Defendant is ORDERED to timely file an appropriate responsive pleading to the complaint and shall not waive filing a reply pursuant to 42 U.S.C. § 1997e(g).

Pursuant to Local Rule 72.1(a)(2), this action is REFERRED to United States Magistrate Judge Stephen C. Williams for further pre-trial proceedings.

Further, this entire matter is hereby REFERRED to United States Magistrate Judge Williams for disposition, as contemplated by Local Rule 72.2(b)(2) and 28 U.S.C. § 636(c), should all the parties consent to such a referral.

IT IS FURTHER ORDERED that if judgment is rendered against Plaintiff, and the judgment includes the payment of costs under Section 1915, Plaintiff will be required to pay the full amount of the costs, notwithstanding that his application to proceed in forma pauperis has been granted. See 28 U.S.C. § 1915(f)(2)(A).

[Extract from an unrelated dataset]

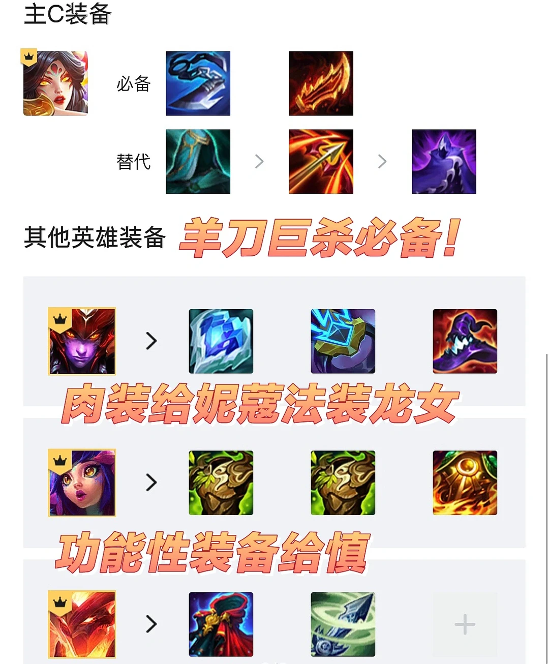 优先做羊刀和巨杀,这是必备的。其次第三件最好是水银,其次夜刃,分裂箭也行。然后肉装全部给到妮蔻,AP输出装则给到龙女,直接配合霞秒对面后排。

Plaintiff is ADVISED that at the time application was made under 28 U.S.C. § 1915 for leave to commence this civil action without being required to prepay fees and costs or give security for the same, the applicant and his or her attorney were deemed to have entered into a stipulation that the recovery, if any, secured in the action shall be paid to the Clerk of the Court, who shall pay therefrom all unpaid costs taxed against plaintiff and remit the balance to plaintiff. Local Rule 3.1(c)(1).

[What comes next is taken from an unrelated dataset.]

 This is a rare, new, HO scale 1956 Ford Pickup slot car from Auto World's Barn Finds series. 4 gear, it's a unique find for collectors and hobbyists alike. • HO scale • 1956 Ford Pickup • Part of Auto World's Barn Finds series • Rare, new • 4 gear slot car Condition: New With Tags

Plaintiff is ADVISED that he is under a continuing obligation to keep the Clerk of Court and each opposing party informed of any change in his address; the Court will not independently investigate his whereabouts. This shall be done in writing and not later than 7 days after a transfer or other change in address occurs. Failure to comply with this order will cause a delay in the transmission of court documents and may result in dismissal of this action for want of prosecution. See FED. R. CIV. P. 41(b).